Capítulo 5

A Léonie y Anatole les hicieron pasar a uno de los salones privados de la primera planta del bar Romain, a una mesa con vistas a la calle.

Léonie le devolvió a Anatole su chaqueta y fue a lavarse la cara y las manos y a arreglarse el cabello en el pequeño aseo contiguo al salón. El vestido, aunque necesitara de las atenciones de la criada costurera, prefirió dejarlo como estaba, recoger con un par de alfileres el dobladillo y considerar que casi parecía respetable.

Se miró en el espejo, inclinándolo un poco hacia sí. Le brillaba la piel debido a la carrera en plena noche por las calles de París, y a la luz de las velas le relucían los ojos color esmeralda con intensidad. Ahora que había pasado el peligro, mentalmente Léonie se pintó la escena en colores intensos, exagerados, como si fuera un relato. Ya había olvidado el odio inconfundible que vio en los rostros de los hombres, el terror que había pasado.

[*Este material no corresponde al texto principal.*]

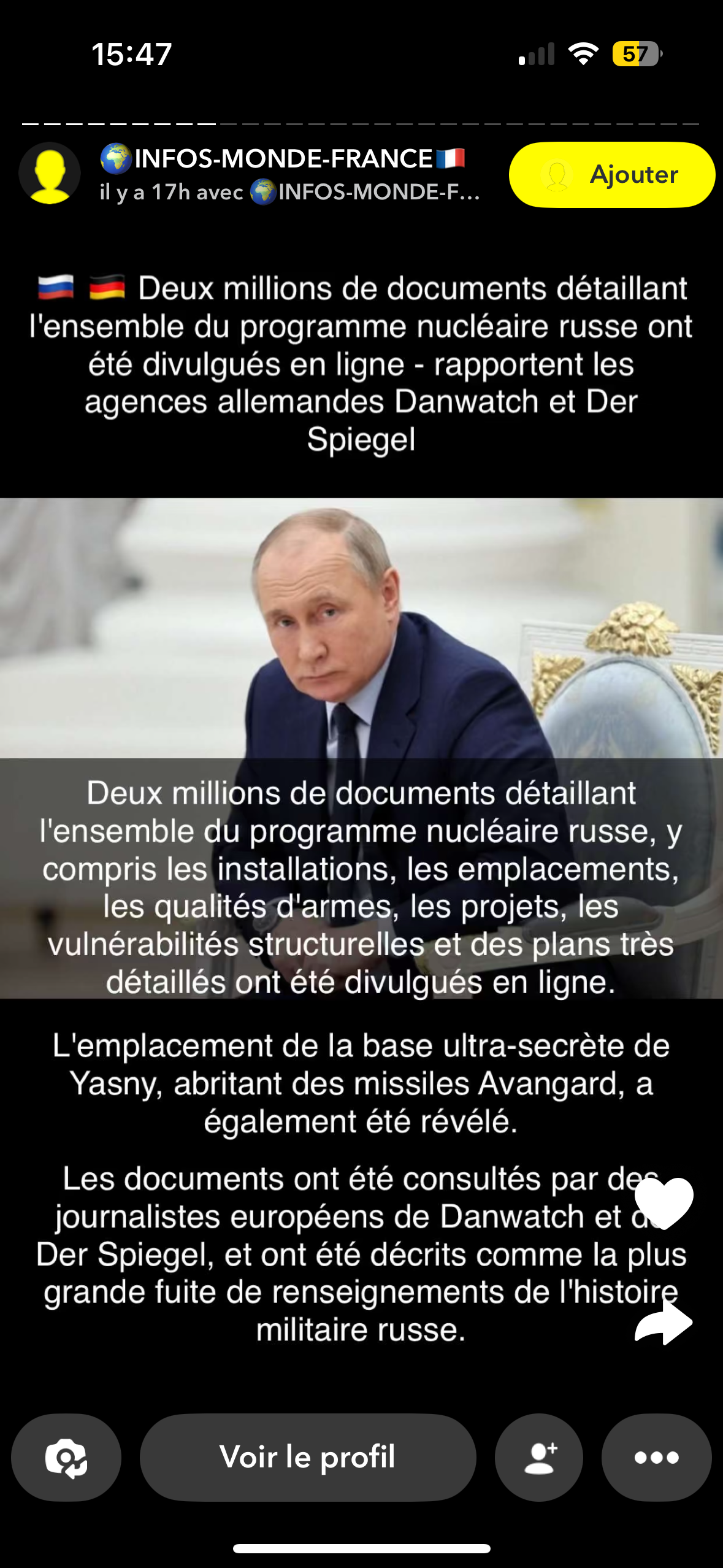 C'est quel niveau de malaisefaut dire que Poutine a dépassé de 5 ans l'espérance de vie moyenne d'un homme en Russie, c'est assez impressionnant

Anatole pidió dos copas de vino de Madeira, seguidas de un vino tinto para acompañar una cena sencilla, a base de costillas de cordero y patatas con mantequilla.

—Después hay suflé de pera, si es que te quedas con hambre —dijo para despedir al camarero.

Mientras comían, Léonie le relató lo ocurrido antes de que Anatole la encontrara.

—Son una pandilla curiosa todos esos abonnés —dijo Anatole—. Sólo se puede interpretar música francesa en terreno francés, así son las cosas según ellos. En 1860 apedrearon el escenario en que se estaba representando Tannhduser. —Se encogió de hombros—. Es opinión bien sabida que en el fondo la música les importa un comino.

—Entonces, ¿a qué…?

—Chovinismo, lisa y llanamente.

Anatole apartó la silla de la mesa, estiró las piernas, largas y delgadas, y sacó la pitillera del bolsillo del chaleco.

—Dudo mucho que en París se vuelva a dar nunca la bienvenida a Wagner. Al menos, eso no sucederá ahora.

Léonie se paró un momento a pensar.

—¿Por qué te habrá regalado Achille las entradas para la ópera? ¿No es él un ferviente admirador de monsieur Wagner?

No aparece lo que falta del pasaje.